**THE TASK:**
If you see a picture in the data below, omit it and copy the rest exactly.

**SOURCE DATA:**
--- START ---
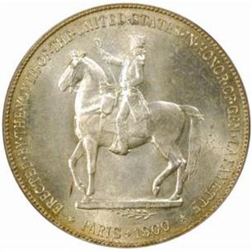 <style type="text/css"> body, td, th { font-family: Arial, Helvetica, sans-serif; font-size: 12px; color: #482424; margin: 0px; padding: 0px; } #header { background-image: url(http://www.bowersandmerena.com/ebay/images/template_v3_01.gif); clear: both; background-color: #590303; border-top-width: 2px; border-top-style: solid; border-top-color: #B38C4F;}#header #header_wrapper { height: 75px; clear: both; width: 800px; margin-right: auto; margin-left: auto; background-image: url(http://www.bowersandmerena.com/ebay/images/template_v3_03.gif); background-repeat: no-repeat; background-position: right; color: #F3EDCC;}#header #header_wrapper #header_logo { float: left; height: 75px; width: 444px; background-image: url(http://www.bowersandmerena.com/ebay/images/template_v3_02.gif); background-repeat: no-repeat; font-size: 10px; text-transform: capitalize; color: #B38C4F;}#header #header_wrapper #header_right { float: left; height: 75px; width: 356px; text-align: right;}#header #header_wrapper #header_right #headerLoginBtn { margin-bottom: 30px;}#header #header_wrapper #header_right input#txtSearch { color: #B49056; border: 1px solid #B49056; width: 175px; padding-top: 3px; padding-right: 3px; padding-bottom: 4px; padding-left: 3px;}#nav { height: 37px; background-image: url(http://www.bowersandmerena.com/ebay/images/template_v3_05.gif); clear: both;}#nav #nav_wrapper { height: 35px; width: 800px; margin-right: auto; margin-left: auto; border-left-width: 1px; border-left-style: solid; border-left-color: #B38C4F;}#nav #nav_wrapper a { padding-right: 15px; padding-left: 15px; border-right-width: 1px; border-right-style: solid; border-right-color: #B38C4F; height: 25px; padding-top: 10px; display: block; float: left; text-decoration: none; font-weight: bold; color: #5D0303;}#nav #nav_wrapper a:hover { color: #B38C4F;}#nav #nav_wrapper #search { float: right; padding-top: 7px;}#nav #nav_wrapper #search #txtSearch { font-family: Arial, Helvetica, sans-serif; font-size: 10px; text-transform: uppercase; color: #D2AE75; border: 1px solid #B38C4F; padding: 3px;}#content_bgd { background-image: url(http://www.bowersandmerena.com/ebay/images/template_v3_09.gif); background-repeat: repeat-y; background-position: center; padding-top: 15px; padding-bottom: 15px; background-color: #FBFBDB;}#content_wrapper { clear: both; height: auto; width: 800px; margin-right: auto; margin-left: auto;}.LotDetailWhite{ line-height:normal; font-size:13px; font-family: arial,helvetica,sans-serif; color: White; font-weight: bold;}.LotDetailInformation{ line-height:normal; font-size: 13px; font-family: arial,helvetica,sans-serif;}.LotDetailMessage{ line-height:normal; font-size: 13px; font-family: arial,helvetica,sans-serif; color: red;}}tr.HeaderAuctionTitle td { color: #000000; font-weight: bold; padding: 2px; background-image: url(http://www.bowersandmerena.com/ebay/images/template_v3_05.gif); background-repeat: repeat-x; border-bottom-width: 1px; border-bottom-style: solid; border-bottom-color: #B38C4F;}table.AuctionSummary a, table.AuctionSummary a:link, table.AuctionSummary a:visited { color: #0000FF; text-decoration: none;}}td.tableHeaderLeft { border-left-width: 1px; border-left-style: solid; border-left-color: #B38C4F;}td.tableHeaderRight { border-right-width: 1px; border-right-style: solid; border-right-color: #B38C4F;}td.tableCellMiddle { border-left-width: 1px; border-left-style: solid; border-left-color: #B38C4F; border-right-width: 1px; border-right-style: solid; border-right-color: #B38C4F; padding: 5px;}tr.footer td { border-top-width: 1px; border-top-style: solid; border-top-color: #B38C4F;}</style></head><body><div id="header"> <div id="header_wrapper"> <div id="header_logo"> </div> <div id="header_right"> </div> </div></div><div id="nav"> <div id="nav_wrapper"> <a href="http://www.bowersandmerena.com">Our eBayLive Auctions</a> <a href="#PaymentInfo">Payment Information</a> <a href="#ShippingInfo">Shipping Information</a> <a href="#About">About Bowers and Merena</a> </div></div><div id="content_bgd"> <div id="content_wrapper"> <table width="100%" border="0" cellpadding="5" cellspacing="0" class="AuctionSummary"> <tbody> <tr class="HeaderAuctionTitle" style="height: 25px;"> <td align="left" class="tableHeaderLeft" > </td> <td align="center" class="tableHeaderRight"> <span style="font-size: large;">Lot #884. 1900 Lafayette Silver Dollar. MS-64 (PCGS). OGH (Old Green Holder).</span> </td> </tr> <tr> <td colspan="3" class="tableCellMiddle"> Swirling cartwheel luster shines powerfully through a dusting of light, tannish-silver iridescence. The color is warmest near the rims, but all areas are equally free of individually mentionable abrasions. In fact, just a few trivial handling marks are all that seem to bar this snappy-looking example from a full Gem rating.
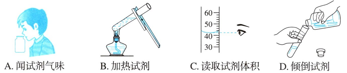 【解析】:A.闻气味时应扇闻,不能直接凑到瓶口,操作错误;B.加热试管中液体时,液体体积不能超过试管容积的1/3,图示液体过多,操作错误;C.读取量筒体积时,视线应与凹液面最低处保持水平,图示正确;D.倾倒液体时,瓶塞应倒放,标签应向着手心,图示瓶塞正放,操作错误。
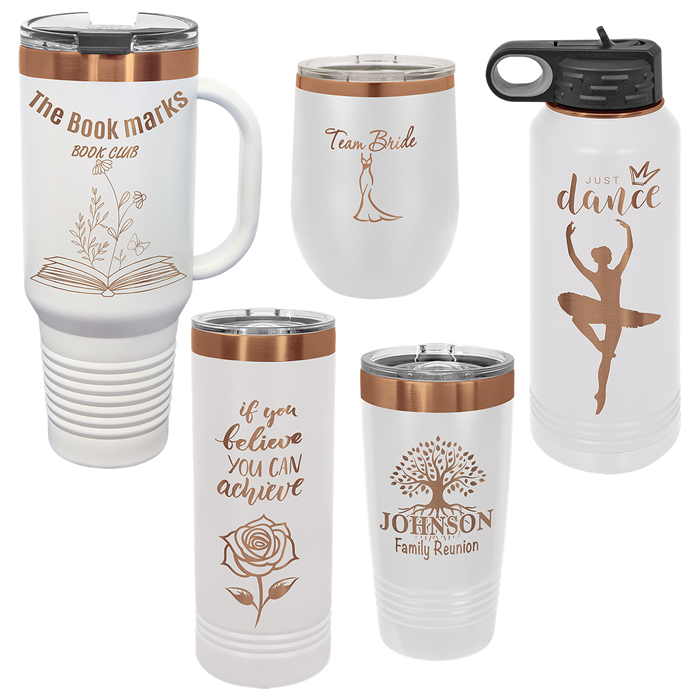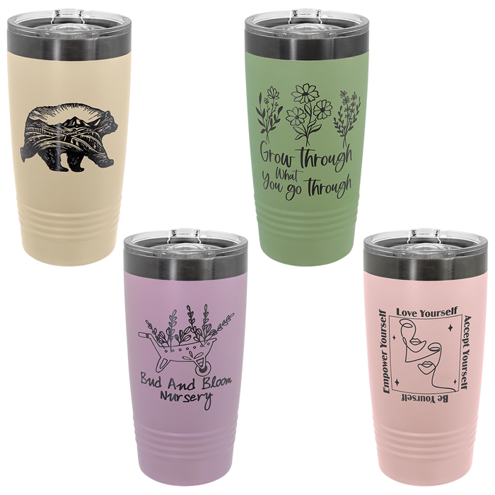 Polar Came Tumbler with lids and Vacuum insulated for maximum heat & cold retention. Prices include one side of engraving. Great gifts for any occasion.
--- END ---
**SOLUTION BELOW:**
 <style type="text/css"> body, td, th { font-family: Arial, Helvetica, sans-serif; font-size: 12px; color: #482424; margin: 0px; padding: 0px; } #header { background-image: url(http://www.bowersandmerena.com/ebay/images/template_v3_01.gif); clear: both; background-color: #590303; border-top-width: 2px; border-top-style: solid; border-top-color: #B38C4F;}#header #header_wrapper { height: 75px; clear: both; width: 800px; margin-right: auto; margin-left: auto; background-image: url(http://www.bowersandmerena.com/ebay/images/template_v3_03.gif); background-repeat: no-repeat; background-position: right; color: #F3EDCC;}#header #header_wrapper #header_logo { float: left; height: 75px; width: 444px; background-image: url(http://www.bowersandmerena.com/ebay/images/template_v3_02.gif); background-repeat: no-repeat; font-size: 10px; text-transform: capitalize; color: #B38C4F;}#header #header_wrapper #header_right { float: left; height: 75px; width: 356px; text-align: right;}#header #header_wrapper #header_right #headerLoginBtn { margin-bottom: 30px;}#header #header_wrapper #header_right input#txtSearch { color: #B49056; border: 1px solid #B49056; width: 175px; padding-top: 3px; padding-right: 3px; padding-bottom: 4px; padding-left: 3px;}#nav { height: 37px; background-image: url(http://www.bowersandmerena.com/ebay/images/template_v3_05.gif); clear: both;}#nav #nav_wrapper { height: 35px; width: 800px; margin-right: auto; margin-left: auto; border-left-width: 1px; border-left-style: solid; border-left-color: #B38C4F;}#nav #nav_wrapper a { padding-right: 15px; padding-left: 15px; border-right-width: 1px; border-right-style: solid; border-right-color: #B38C4F; height: 25px; padding-top: 10px; display: block; float: left; text-decoration: none; font-weight: bold; color: #5D0303;}#nav #nav_wrapper a:hover { color: #B38C4F;}#nav #nav_wrapper #search { float: right; padding-top: 7px;}#nav #nav_wrapper #search #txtSearch { font-family: Arial, Helvetica, sans-serif; font-size: 10px; text-transform: uppercase; color: #D2AE75; border: 1px solid #B38C4F; padding: 3px;}#content_bgd { background-image: url(http://www.bowersandmerena.com/ebay/images/template_v3_09.gif); background-repeat: repeat-y; background-position: center; padding-top: 15px; padding-bottom: 15px; background-color: #FBFBDB;}#content_wrapper { clear: both; height: auto; width: 800px; margin-right: auto; margin-left: auto;}.LotDetailWhite{ line-height:normal; font-size:13px; font-family: arial,helvetica,sans-serif; color: White; font-weight: bold;}.LotDetailInformation{ line-height:normal; font-size: 13px; font-family: arial,helvetica,sans-serif;}.LotDetailMessage{ line-height:normal; font-size: 13px; font-family: arial,helvetica,sans-serif; color: red;}}tr.HeaderAuctionTitle td { color: #000000; font-weight: bold; padding: 2px; background-image: url(http://www.bowersandmerena.com/ebay/images/template_v3_05.gif); background-repeat: repeat-x; border-bottom-width: 1px; border-bottom-style: solid; border-bottom-color: #B38C4F;}table.AuctionSummary a, table.AuctionSummary a:link, table.AuctionSummary a:visited { color: #0000FF; text-decoration: none;}}td.tableHeaderLeft { border-left-width: 1px; border-left-style: solid; border-left-color: #B38C4F;}td.tableHeaderRight { border-right-width: 1px; border-right-style: solid; border-right-color: #B38C4F;}td.tableCellMiddle { border-left-width: 1px; border-left-style: solid; border-left-color: #B38C4F; border-right-width: 1px; border-right-style: solid; border-right-color: #B38C4F; padding: 5px;}tr.footer td { border-top-width: 1px; border-top-style: solid; border-top-color: #B38C4F;}</style></head><body><div id="header"> <div id="header_wrapper"> <div id="header_logo"> </div> <div id="header_right"> </div> </div></div><div id="nav"> <div id="nav_wrapper"> <a href="http://www.bowersandmerena.com">Our eBayLive Auctions</a> <a href="#PaymentInfo">Payment Information</a> <a href="#ShippingInfo">Shipping Information</a> <a href="#About">About Bowers and Merena</a> </div></div><div id="content_bgd"> <div id="content_wrapper"> <table width="100%" border="0" cellpadding="5" cellspacing="0" class="AuctionSummary"> <tbody> <tr class="HeaderAuctionTitle" style="height: 25px;"> <td align="left" class="tableHeaderLeft" > </td> <td align="center" class="tableHeaderRight"> <span style="font-size: large;">Lot #884. 1900 Lafayette Silver Dollar. MS-64 (PCGS). OGH (Old Green Holder).</span> </td> </tr> <tr> <td colspan="3" class="tableCellMiddle"> Swirling cartwheel luster shines powerfully through a dusting of light, tannish-silver iridescence. The color is warmest near the rims, but all areas are equally free of individually mentionable abrasions. In fact, just a few trivial handling marks are all that seem to bar this snappy-looking example from a full Gem rating.
 【解析】:A.闻气味时应扇闻,不能直接凑到瓶口,操作错误;B.加热试管中液体时,液体体积不能超过试管容积的1/3,图示液体过多,操作错误;C.读取量筒体积时,视线应与凹液面最低处保持水平,图示正确;D.倾倒液体时,瓶塞应倒放,标签应向着手心,图示瓶塞正放,操作错误。
 Polar Came Tumbler with lids and Vacuum insulated for maximum heat & cold retention. Prices include one side of engraving. Great gifts for any occasion.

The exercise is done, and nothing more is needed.